All ECMAScript functions and all chapter 15 built-ins belong to a realm and when such functions are called its realm is recorded as part of a new execution context (in ES6, calling a built-ins is specified to create a new execution contexts).  By the time the ES6 spec. is completed, I'm sure that ECMAScript scripts will also belong to realms and have execution contexts.

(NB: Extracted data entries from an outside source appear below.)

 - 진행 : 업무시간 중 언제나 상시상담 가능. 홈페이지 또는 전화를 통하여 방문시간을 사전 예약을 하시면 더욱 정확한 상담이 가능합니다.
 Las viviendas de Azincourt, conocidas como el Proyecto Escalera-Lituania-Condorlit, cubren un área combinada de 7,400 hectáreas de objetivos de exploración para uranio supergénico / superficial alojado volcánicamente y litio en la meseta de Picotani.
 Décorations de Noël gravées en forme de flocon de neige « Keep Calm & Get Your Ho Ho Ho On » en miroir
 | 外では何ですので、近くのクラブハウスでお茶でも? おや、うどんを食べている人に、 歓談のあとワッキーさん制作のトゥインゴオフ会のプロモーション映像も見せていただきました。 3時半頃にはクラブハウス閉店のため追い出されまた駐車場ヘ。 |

Calling abstract operation don't create execution contexts.  So, every specified way to create an object occurs within the scope of  an execution context that is associated with a specific realm.  (however, host or implementation provided exotic function objects that don't use the ordinary [[Call]]  are unspecified and might be implemented to do something that doesn't including creating a new execution context).

So I'm not particular concerned about the specification complexity of associating every object with a realm.  However, I do think that potential implementation impacts should be studied very carefully.

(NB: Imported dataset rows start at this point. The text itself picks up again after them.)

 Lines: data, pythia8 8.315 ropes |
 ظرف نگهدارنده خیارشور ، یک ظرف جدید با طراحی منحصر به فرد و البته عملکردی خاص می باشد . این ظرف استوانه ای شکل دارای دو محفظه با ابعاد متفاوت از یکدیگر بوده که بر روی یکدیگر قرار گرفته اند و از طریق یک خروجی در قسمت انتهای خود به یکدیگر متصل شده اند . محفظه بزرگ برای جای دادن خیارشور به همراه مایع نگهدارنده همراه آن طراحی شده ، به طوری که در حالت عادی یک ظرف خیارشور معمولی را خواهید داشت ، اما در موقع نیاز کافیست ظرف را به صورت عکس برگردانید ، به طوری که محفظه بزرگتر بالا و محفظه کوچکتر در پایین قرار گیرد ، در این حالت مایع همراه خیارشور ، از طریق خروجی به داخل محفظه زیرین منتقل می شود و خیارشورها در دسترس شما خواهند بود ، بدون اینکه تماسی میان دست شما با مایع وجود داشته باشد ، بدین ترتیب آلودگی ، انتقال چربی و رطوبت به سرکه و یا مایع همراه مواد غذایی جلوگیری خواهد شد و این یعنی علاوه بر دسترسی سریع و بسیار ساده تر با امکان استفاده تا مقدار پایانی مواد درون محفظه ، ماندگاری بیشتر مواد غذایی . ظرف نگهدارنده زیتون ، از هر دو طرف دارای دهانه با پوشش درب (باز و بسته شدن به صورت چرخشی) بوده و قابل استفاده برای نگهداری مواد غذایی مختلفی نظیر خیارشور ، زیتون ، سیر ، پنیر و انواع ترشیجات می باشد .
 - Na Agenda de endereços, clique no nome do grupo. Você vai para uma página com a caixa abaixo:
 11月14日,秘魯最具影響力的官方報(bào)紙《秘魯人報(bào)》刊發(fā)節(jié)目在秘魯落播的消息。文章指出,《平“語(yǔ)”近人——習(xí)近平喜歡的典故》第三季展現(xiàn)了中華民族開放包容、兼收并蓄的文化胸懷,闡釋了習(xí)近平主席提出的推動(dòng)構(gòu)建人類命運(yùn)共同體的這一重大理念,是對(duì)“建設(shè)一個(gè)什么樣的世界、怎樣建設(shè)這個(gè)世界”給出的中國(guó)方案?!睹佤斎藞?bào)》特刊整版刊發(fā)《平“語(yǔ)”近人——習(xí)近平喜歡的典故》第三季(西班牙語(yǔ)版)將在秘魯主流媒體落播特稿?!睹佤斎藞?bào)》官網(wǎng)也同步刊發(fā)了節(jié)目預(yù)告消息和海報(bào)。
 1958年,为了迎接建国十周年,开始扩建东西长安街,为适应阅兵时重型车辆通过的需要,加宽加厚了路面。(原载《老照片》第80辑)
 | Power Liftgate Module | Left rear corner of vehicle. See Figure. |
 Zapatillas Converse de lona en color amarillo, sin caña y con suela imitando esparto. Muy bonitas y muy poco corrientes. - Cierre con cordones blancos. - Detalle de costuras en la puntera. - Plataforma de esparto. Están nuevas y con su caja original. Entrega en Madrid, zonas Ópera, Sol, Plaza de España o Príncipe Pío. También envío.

Even if we had per object realm associations, it isn't clear to me what exactly we are trying to block WRT cross-realm [[Prototype]] chains.  Is the assertion that all objects in a [[Prototype]] chain must come from the same realm.  Does that mean that we must block creating such chains via Object.create or class declarations or classic constructor functions.  It isn't clear to me why such cross-realm chains are necessarily evil.  It also isn't clear to me why __proto__ should be prevented from creating them if we don't also prevent all other ways of doing so.  In that case, the appropiate place to put semantic restrictions on prototype chain construction/modification is in the semantics of the ordinary object [[SetInheritance]] internal method rather than in individual built-in functions and abstract operations that invoke [[SetInheritance]].


Allen





> 
> 
>  
> 
> Object.create(parent);    //we have no way to determine if parent "belongs" to the same realm as Object.create.

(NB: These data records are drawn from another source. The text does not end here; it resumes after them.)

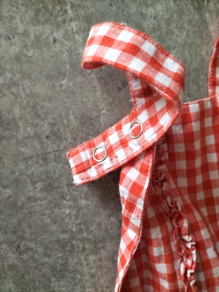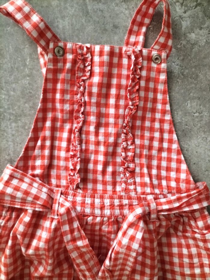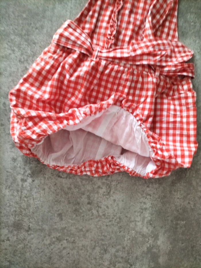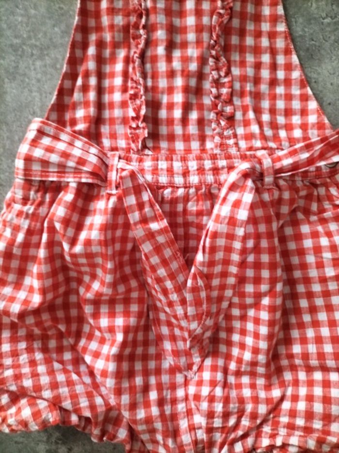 Jupe salopette doublée rouge a carreaux resserrer dans le bas par un élastique . Des bretelles réglables . Comme neuve #fanfanfille2@fanfan35320
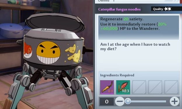 You will also need another ingredient, namely Brown Rice. You can find it in abundance on Raincaller Island. We recommend you collect as many of these ingredients as possible to unlock the Caterpillar Fungus Noodles recipe faster. And once you’ve done that, you can make this dish with 1 Caterpillar Fungus and 3 Brown Rice.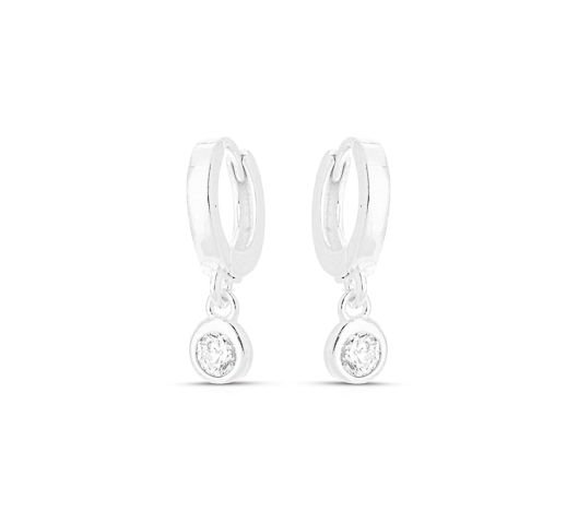 BRINCO PRATA ARGOLA COM 1 ZIRCONIA PENDURADA

> we also currently have no way to determine whether the caller of  Object.create is in the same or different realm as Object.create.
> 
> someObject.__proto__  = someParent;  //the setter function from Object.prototype has no way to determine a realm association for someParent.
> 
> let protoSetter = Object.getOwnPropertyDescriptor(Object.prototype, "__proto__");  //a proto setter from some realm
> 
> let x = {};
> protosetter.call(x, another);    //no realm info to validate.
> 
> protosetter is essentially a universal setPrototypeOf function.
> 
> The only way I see to tame any aspect (for example not allowing Object.prototype.__proto__ = something) of __proto__ setting is via a [[Set]] over-ride on Object.prototype.
> 
> Allen
> 
> 
> 
> On Apr 22, 2013, at 7:29 AM, Andreas Rossberg wrote:
> 
> > On 22 April 2013 15:49, Brendan Eich <brendan at mozilla.com> wrote:
> >>> However, in that case, I actually think that there is no need to have
> >>> any special poisoning semantics when reflecting __proto__ -- mainly
> >>> because the cross-realm check is already necessary in the unreflected
> >>> case: you can construct an object o in realm A with an
> >>> Object.prototype from another realm B on its proto chain. If you
> >>> deleted __proto__ on realm's A Object.prototype, I don't think it
> >>> should still be possible to assign to o.__proto__, should it?
> >>
> >> Why not, if in realm A we evaluate 'var o =
> >> Object.create(B.Object.prototype)'? You specified 'delete
> >> A.Object.prototype' happened, and A.Object.prototype is not on o's proto
> >> chain.
> >
> > My understanding of the motivation for poisoning was to enable the
> > deletion of O.p.__proto__ when configuring a realm as a means for
> > guaranteeing that no object from that realm can ever have its
> > prototype mutated. Allowing the above case would seem to shoot a hole
> > into that.
> >
> >  // Realm A
> >  delete Object.prototype.__proto__  // no messing around
> >
> >  let other = getObjectFromSomewherePotentiallyAnotherRealmB()
> >
> >  let p1 = Object.create(other, {a: {value: 1}})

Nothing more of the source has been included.